WORK TASK -
Below are entries. Give back exactly the lines from the one containing "Convicts working,state road,workers,digging,shovels,trucks,North" through the one containing "The paper presents", inclusive, without the pictures.

----- EXTRACTED DATA

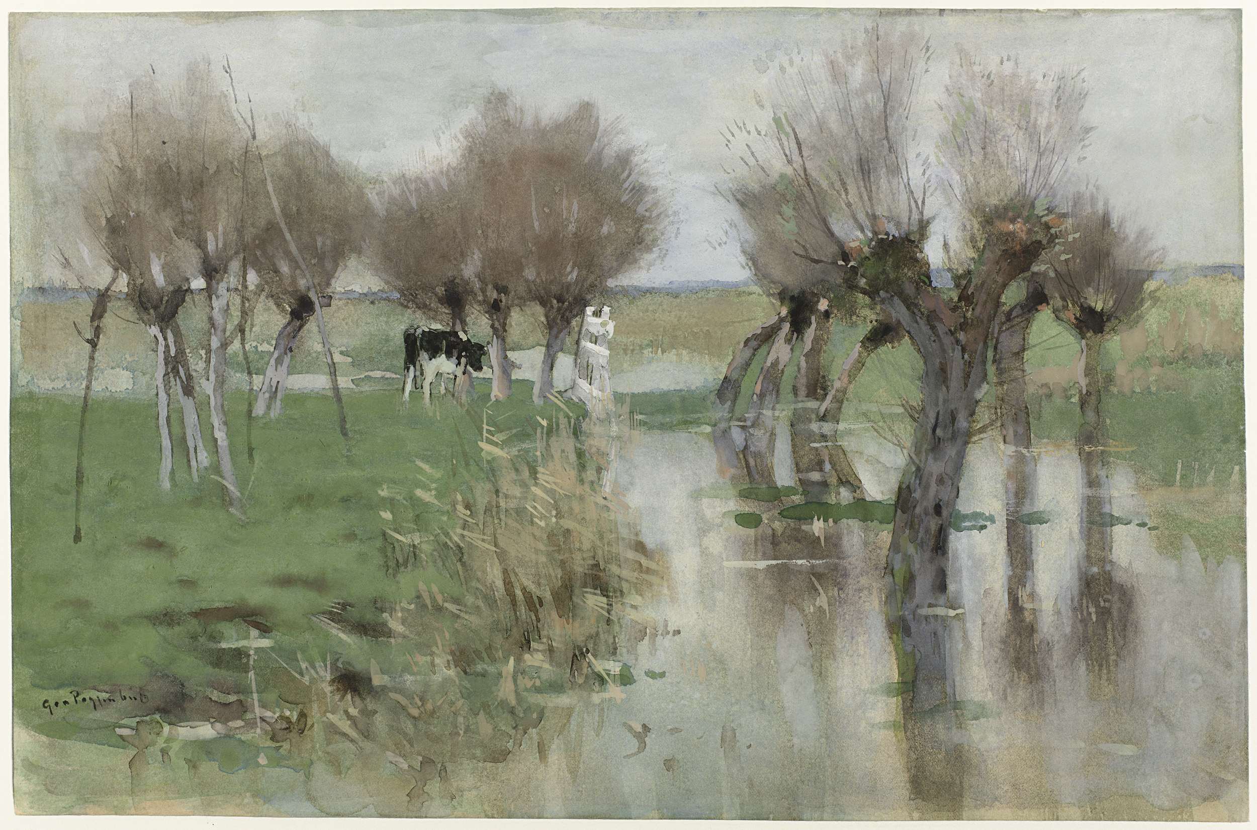 Hoog water in het weiland
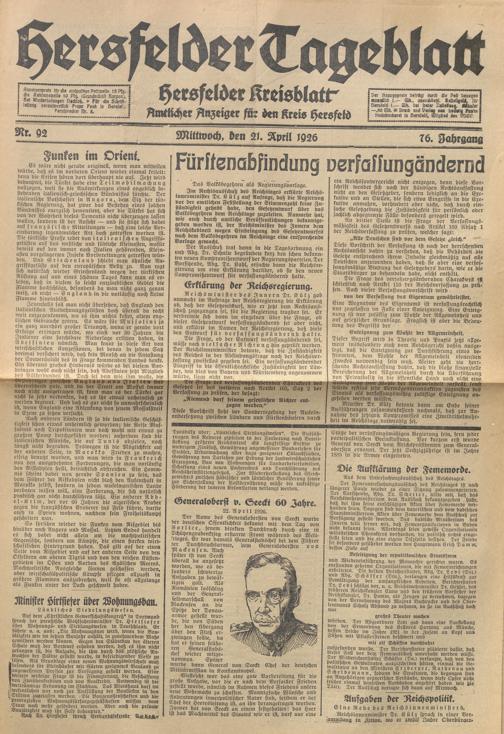 Hersfelder Tageblatt. 1913-1933
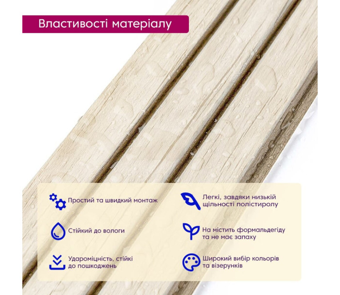Стінова рейка є елементом для обробки внутрішніх стін в інтер'єрі, має зовнішній вигляд, що імітує текстуру дерева.
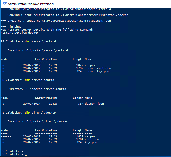 mkdir C:\ProgramData\docker\certs.d copy-item C:\docker\server\certs.d\ca.pem C:\ProgramData\docker\certs.d copy-item C:\docker\server\certs.d\server-cert.pem C:\ProgramData\docker\certs.d copy-item C:\docker\server\certs.d\server-key.pem C:\ProgramData\docker\certs.d copy-item C:\docker\server\config\daemon.json C:\ProgramData\docker\config
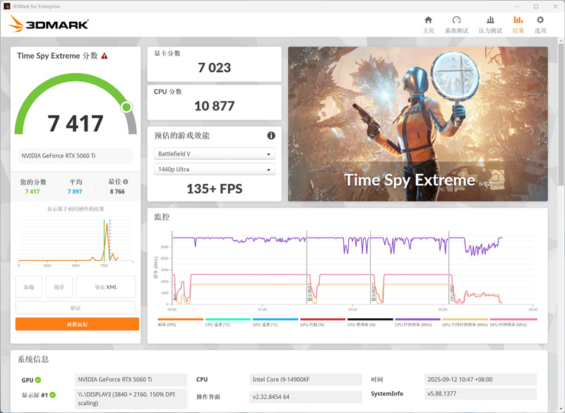 在3DMark的Time Spy Extreme(DX12+4K渲染分辨率)測試中,總成績爲7417,其中顯卡分數爲7023。
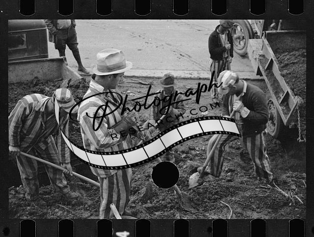 Convicts working,state road,workers,digging,shovels,trucks,North Carolina,1936
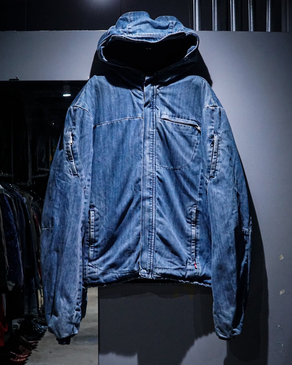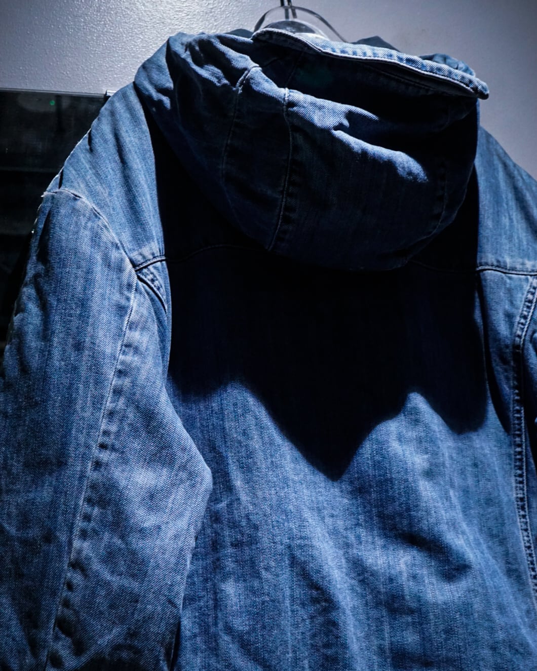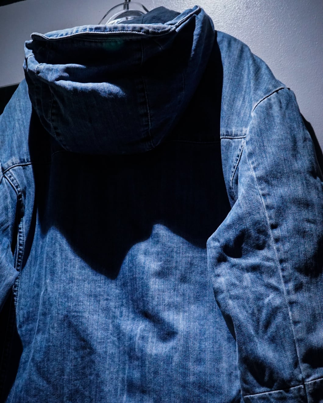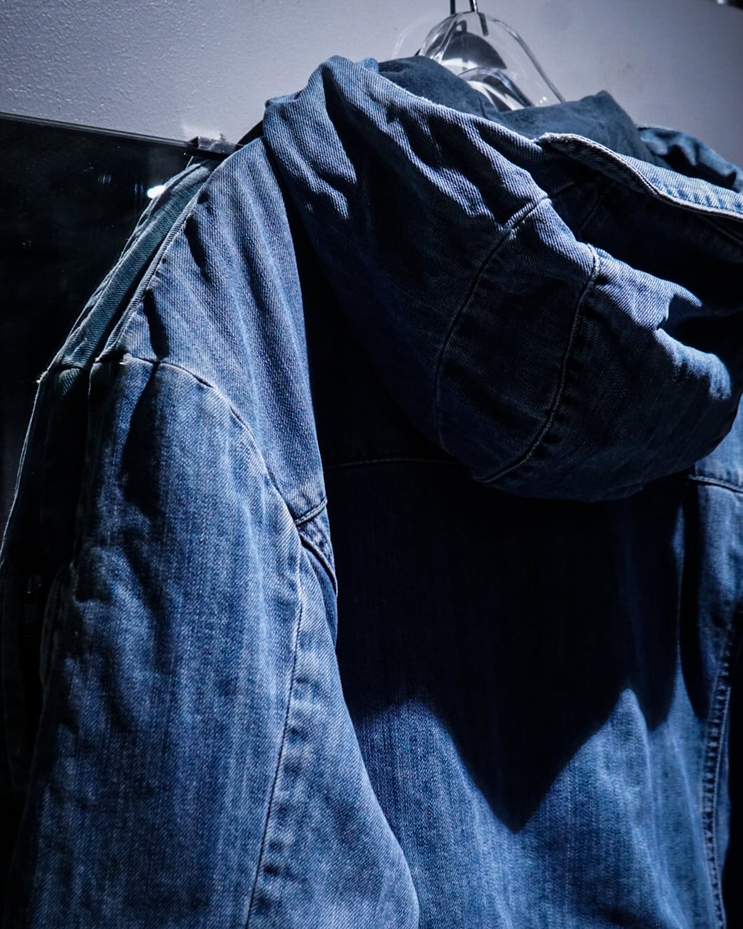 フード付きのショート丈設計は、スウェットやフーディーとのレイヤードにも相性抜群。全体のフェード感と縫製の立体ラインが織りなす陰影が美しく、古着としての味わいを最大限に引き立てています。
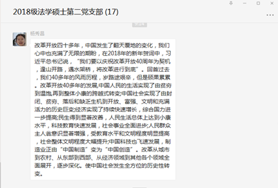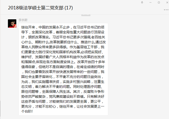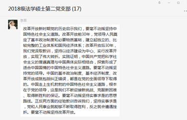 为积极响应《中共英国上市公司365委员会关于在全院开展党史学习教育的实施方案》部署,系统开展全院师生党员要系统学习党的百年奋斗史的活动,2018级法学硕士第二党支部线上开展“中国共产党党史学习--改革开放时期”专题学习。本次活动由支部书记吴金晏主持并担任领学,党支部全体成员共同参与。
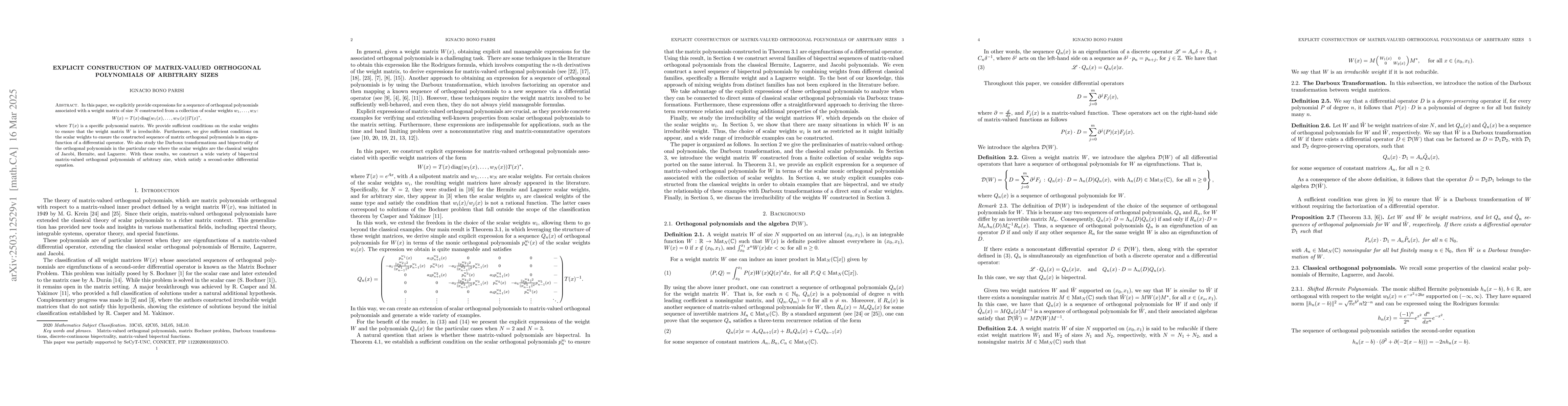 The paper presents explicit expressions for matrix-valued orthogonal polynomials of arbitrary sizes using a weight matrix constructed from scalar weights, ensuring irreducibility and eigenfunction properties under specific conditions.
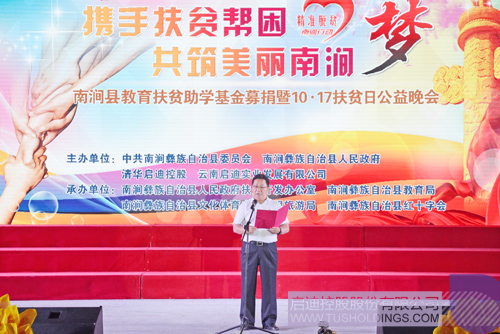 10月16日晚,以“携手扶贫帮困,共筑美丽南涧梦”为主题的南涧县教育扶贫助学基金募捐暨10·17扶贫日公益晚会成功举办。大理州扶贫办主任李德琦,吉向阳、王绍基、沈文荣、黄希里,南涧县委副书记茶向华、武绍华,清华大学云南校友会秘书长万林,清华校友、中国建筑技术集团有限公司副总建筑师吕絮飞,清华大学挂职干部、南涧县政府党组成员金峰,南涧县西山村委会第一书记沈正波等出席晚会,陈禹作为玩球(中国)代表受邀参加。
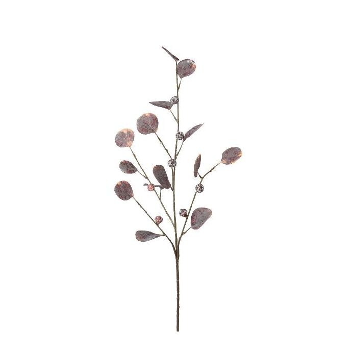 Artificial branch of eucalyptus TRAVON with fruits, aubergine, 30"/75cm
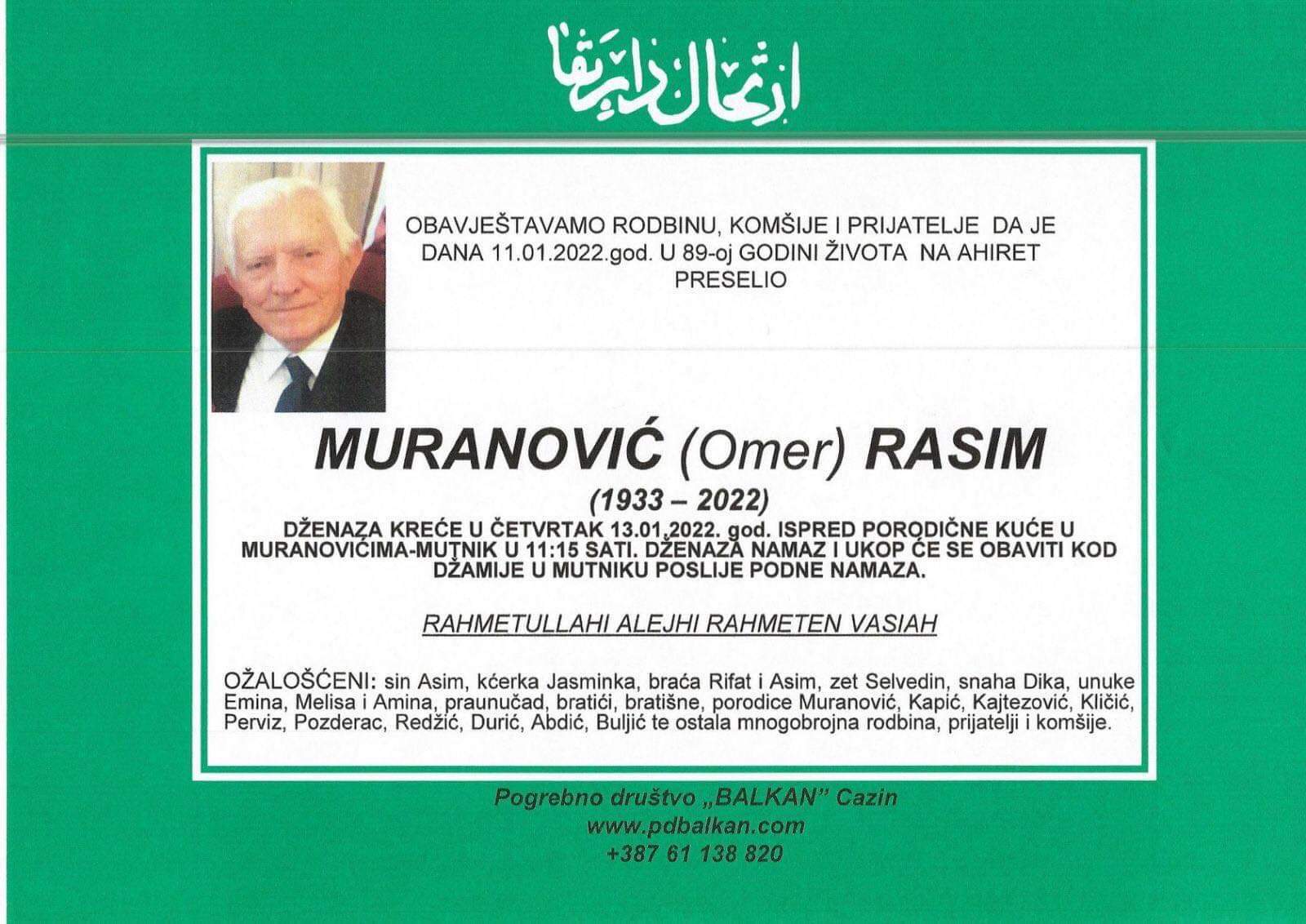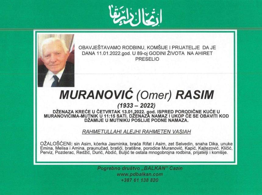Tužnog srca i s bolom u duši obavještavamo rodbinu, komšije i prijatelje da je naš dragi Muranović (Omer) Rasim 11.1.2022. u 89. godini života preselio na ahiret.
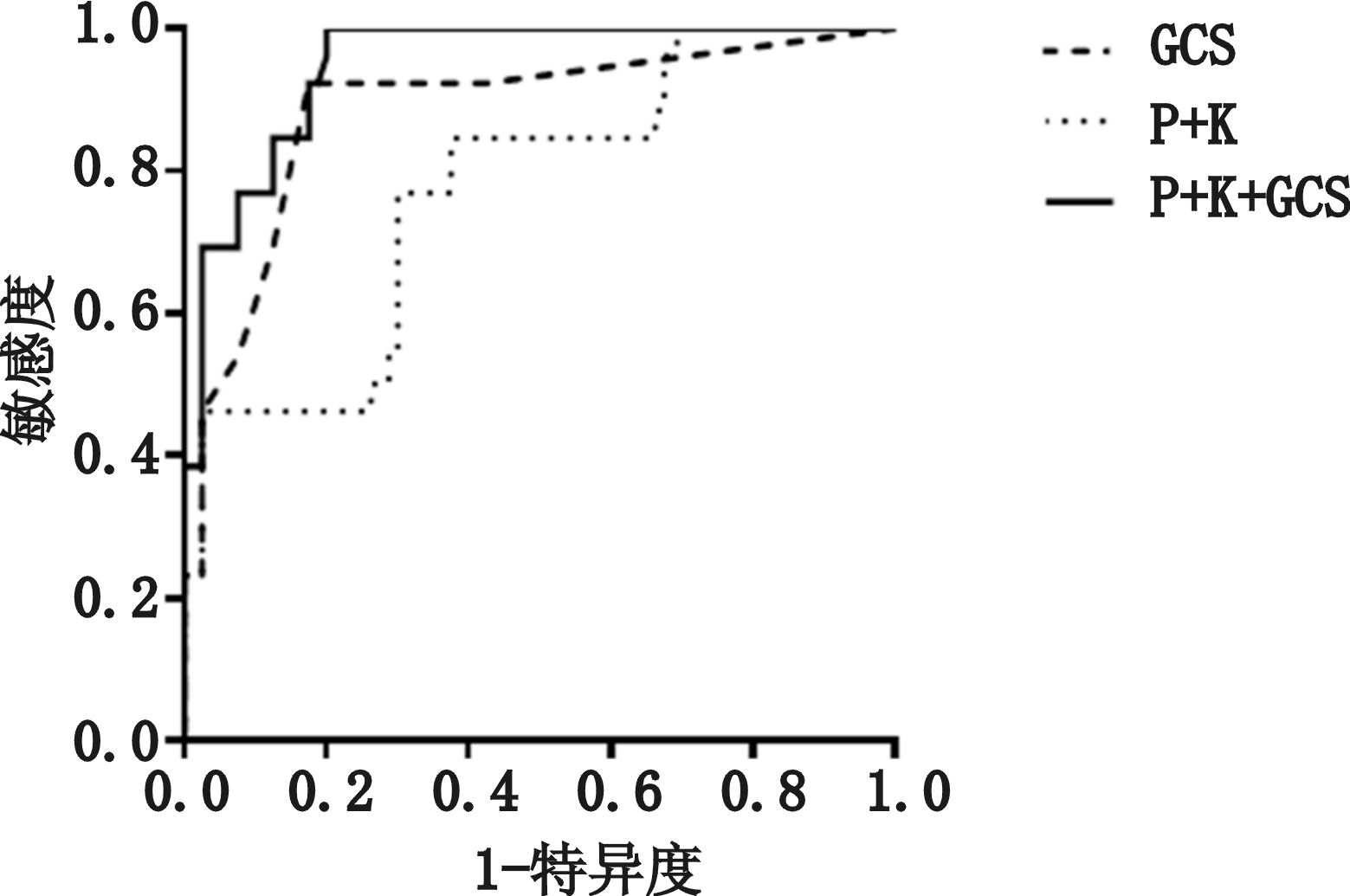 图 1 R+K联合的ROC曲线及P+K+GCS联合的ROC曲线 |
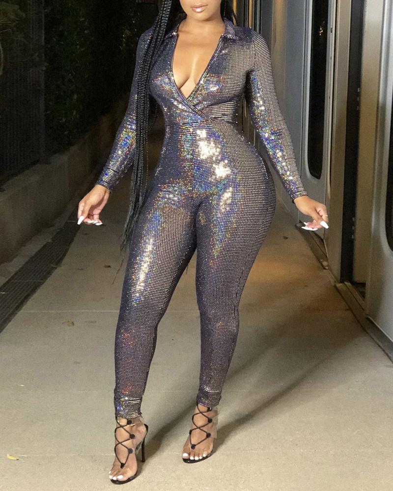 Double Breasted Long Sleeve Blazer Jumpsuit
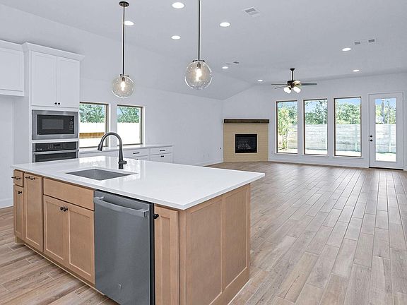 Wood mantel fireplaceCovered backyard patioWall of windowsBuilt-in seating spaceFreestanding tubIsland kitchenWalk-in closet
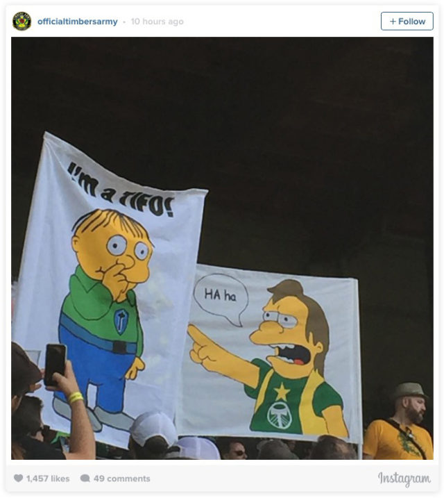 Inspired by the Nelson 2-stick painted by Desert Corps member Samantha, unveiled in the Tucson preseason match against Seattle. Mulhouse and Ralph Wiggum were added make it self contained. Eventually the 2-stick would make it Portland for a regular season match vs. Seattle, where it was joined by a 2 stick Ralph Wiggum making fun of ECS tifo blunders. Proceeds from this patch were used to give away 300 patches, fund a merit badge, and gift three 107ist memberships.

----------

RESPONSE AREA -
 Convicts working,state road,workers,digging,shovels,trucks,North Carolina,1936
 フード付きのショート丈設計は、スウェットやフーディーとのレイヤードにも相性抜群。全体のフェード感と縫製の立体ラインが織りなす陰影が美しく、古着としての味わいを最大限に引き立てています。
 为积极响应《中共英国上市公司365委员会关于在全院开展党史学习教育的实施方案》部署,系统开展全院师生党员要系统学习党的百年奋斗史的活动,2018级法学硕士第二党支部线上开展“中国共产党党史学习--改革开放时期”专题学习。本次活动由支部书记吴金晏主持并担任领学,党支部全体成员共同参与。
 The paper presents explicit expressions for matrix-valued orthogonal polynomials of arbitrary sizes using a weight matrix constructed from scalar weights, ensuring irreducibility and eigenfunction properties under specific conditions.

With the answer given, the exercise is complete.